Exercise requirements:
Print the data that follows word for word, leaving out any picture.

Provided data:
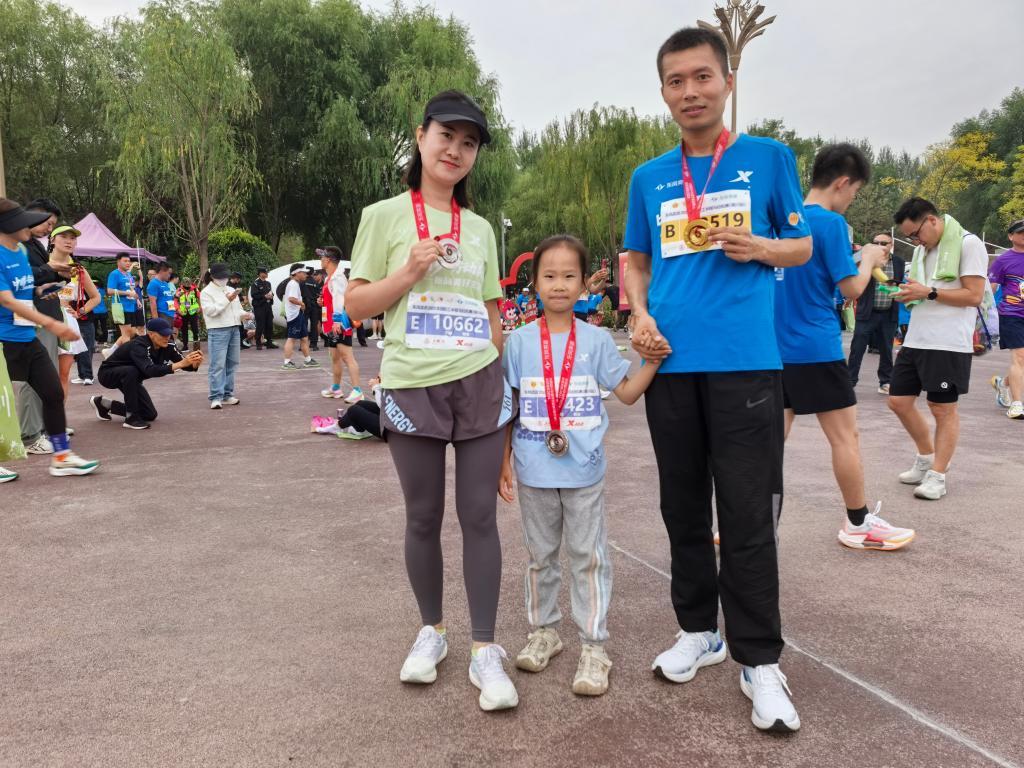 計曉媛(左)一家三口都來參加馬拉松賽。
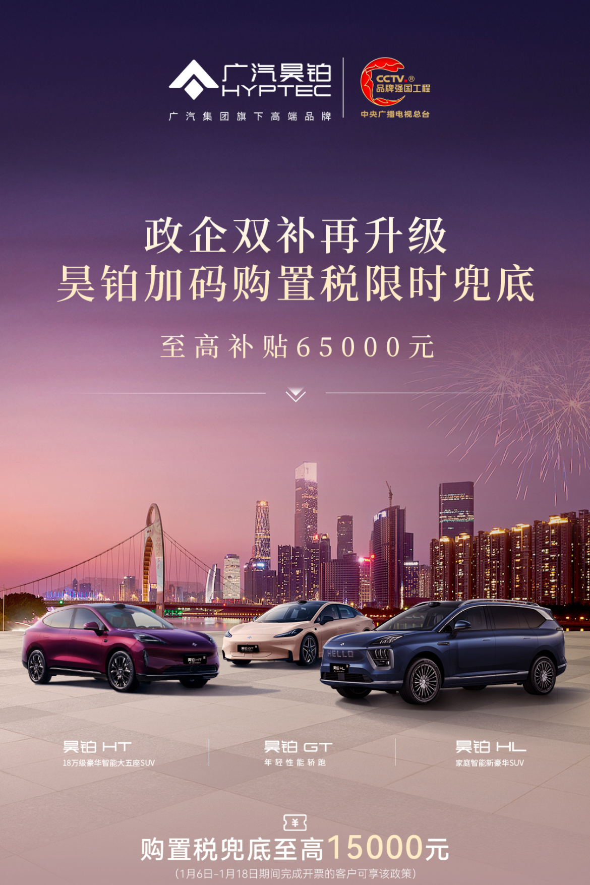 上证报中国证券网讯1月6日,广汽集团介绍,近日,广汽昊铂购车权益再加码,不仅以“政企双补”开启新年购车礼遇优惠,还围绕用户全周期拥车体验持续升级服务,并再加码新能源购置税兜底政策,综合补贴最高可达65000元。
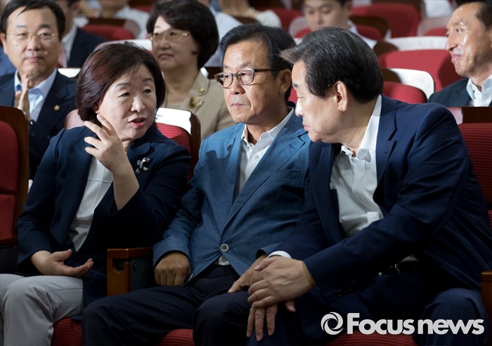 (서울=포커스뉴스) 21일 오전 서울 여의도 국회 의원회관에서 열린 퓨처라이프포럼 2기 출범식 및 세미나에 참석한 김무성(오른쪽부터) 새누리당 전 대표, 원혜영 더불어민주당 의원, 심상정 정의당 상임대표가 대화하고 있다.

Answer area:
 計曉媛(左)一家三口都來參加馬拉松賽。
 上证报中国证券网讯1月6日,广汽集团介绍,近日,广汽昊铂购车权益再加码,不仅以“政企双补”开启新年购车礼遇优惠,还围绕用户全周期拥车体验持续升级服务,并再加码新能源购置税兜底政策,综合补贴最高可达65000元。
 (서울=포커스뉴스) 21일 오전 서울 여의도 국회 의원회관에서 열린 퓨처라이프포럼 2기 출범식 및 세미나에 참석한 김무성(오른쪽부터) 새누리당 전 대표, 원혜영 더불어민주당 의원, 심상정 정의당 상임대표가 대화하고 있다.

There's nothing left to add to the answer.